Ещё глубже залегли морщины на бабушкином лице. Да не сломить её, крепко было дерево её жизни, закалённое горем. Взяла она внучку на воспитание. С первых дней жизни выходила и выкормила, козьим молоком выпаивала и выросла Танюшка всем на зависть — ладненькая, округлая, глазки ясные, косички русые торчат в стороны, попрыгушка да хохотушка. Когда пришёл в их избу в жаркий летний полдень отец ей уже исполнилось шесть лет. Отец с бабушкой долго сидели в тот день и о чём-то говорили. Бабушка сначала была строгая и даже злая, а потом долго плакала и достала из шкафа старые фотографии, где Танюшкина мама молодая, когда ещё жива была и те, где сама Таня маленькая. Отец долго разглядывал фотографии, видно было, что ему тяжело и горько. Может это было позднее раскаяние? Таня сидела в углу и играла своими куклами, из разговора бабули с отцом она мало что поняла. Уже когда она подросла, и было ей лет пятнадцать, отец усадил её однажды рядом с собой и поведал ей их с мамой историю. Банальную, как и тысячи других, и в то же время неповторимую, как каждая из них…
Да что теперь осуждать и рассуждать? Что было, того не вернёшь, а дочка Танюшка вот она, перед ним стоит — отцова копия, и цвет глаз, и линия подбородка, и ямочки на щеках, даже выражение лица отцово. Долго думали они с бабушкой и решали, как с Танюшкой быть. — Одна я, Юра, осталась, нет у меня никого кроме внучки. Оставь ты её мне пока, тут и приволье и природа, а сам приезжай с городу, когда пожелаешь, мы тебе рады будем. Тут и школа ведь у нас есть и деревня немаленькая. Пусть растёт девчонка на свежем воздухе. А уж потом сама решит как ей быть, как взрослой станет. Так и сделали. Отец приезжал постоянно, на каждые выходные. Помогал бабушке по хозяйству, матерью её стал называть, сам-то он был детдомовский, квартиру ему дали в городе однокомнатную, на стройке работал сварщиком, деньги хорошие получал.
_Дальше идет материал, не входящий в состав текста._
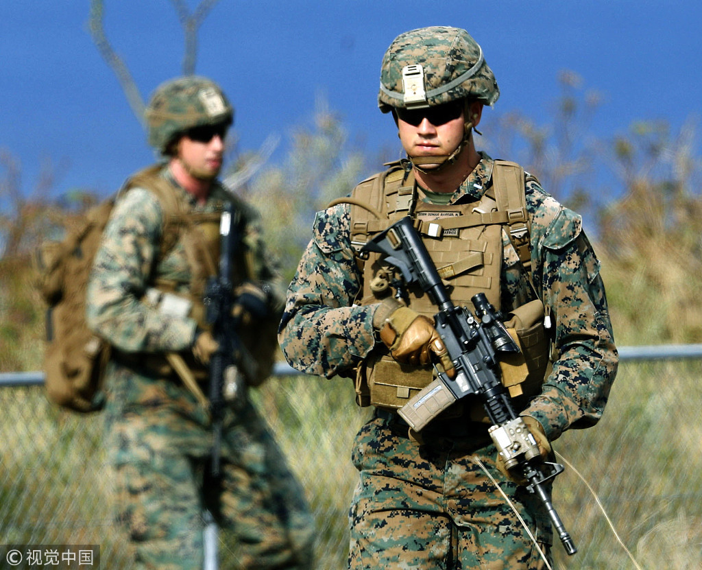 在日本进行演习的美国海军陆战队队员。(视觉中国)
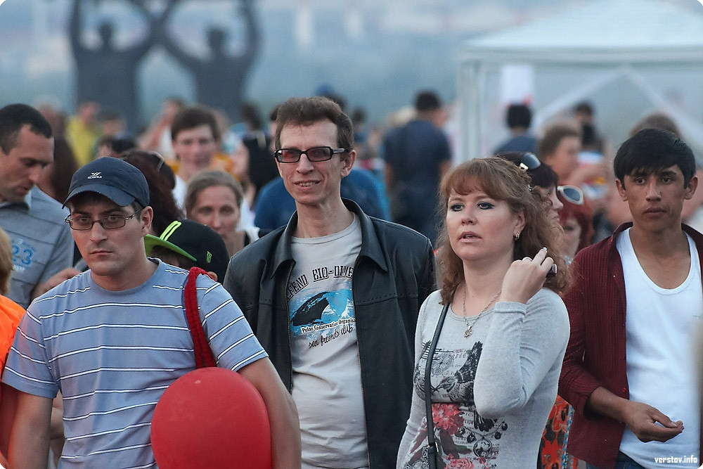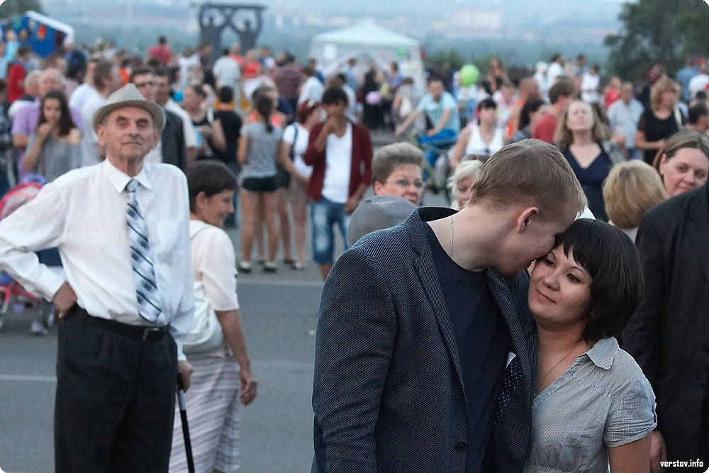 Получасом позже на праздничную сцену поднялся коллектив «Баян-позитив», и теперь устоять от соблазна сплясать под «Ламбаду» в исполнении всенародно любимого инструмента – баяна – не мог почти никто. Подвыпившие, счастливые и взмокшие от невероятной жары магнитогорцы не стеснялись и радостно скакали под всем знакомые мелодии. Не было равнодушных и среди детей: одни собирались в кружки и танцевали, подражая взрослым, другие бегали с воздушными шарами и пускали мыльные пузыри, третьи сидели на папиных шеях и пытались рассмотреть выступавших артистов.

А вот так и не женился всю жизнь. Бобылем и прожил. Отчего так, Танюшка никогда не спрашивала. Бывает в жизни и такое, все судьбы разные, нет двух одинаковых и сердце у каждого своё — одному через неделю милая надоест, а другой и мёртвой будет верность хранить. Не Тане отца с матерью судить.
Приезжал отец всегда с подарками, с Таней крепко сдружился, вместе они и с горы зимой катались и снеговиков лепили, и поделки всякие делали, деревенские приумолкли. То бабушка с Танюшкой к нему поедут в город, то он к ним. Как подросла Таня, стала на все каникулы к отцу уезжать, а после школы и совсем перебралась к отцу в город. Поступила в медицинский университет, захотела стать врачом, чтобы жизни спасать, в память о маме своей.
Когда училась на третьем курсе не стало бабушки. Похоронили её в родной деревне. А дом не стали продавать, на выходные туда ездили, ведь там в каждой досочке душа жила, живой дом-то.
Отучилась Таня, работать пошла. Квартиру свою отец давно уже разменял на двухкомнатную, чтобы Таня могла жить в своей комнате. И завещание на дочь оформил. Танюшка бывало говорит ему: — Папа, да что ж ты! Ещё жить да жить. Вот поженимся мы с Толиком, внуков няньчить станешь.
Однако не пришлось. Заболел отец. Татьяна его срочно к своим коллегам повела. А там рак лёгкого. До последнего момента скрывалась коварная болезнь, не давая о себе знать. А когда появились симптомы, поставили отцу четвертую стадию.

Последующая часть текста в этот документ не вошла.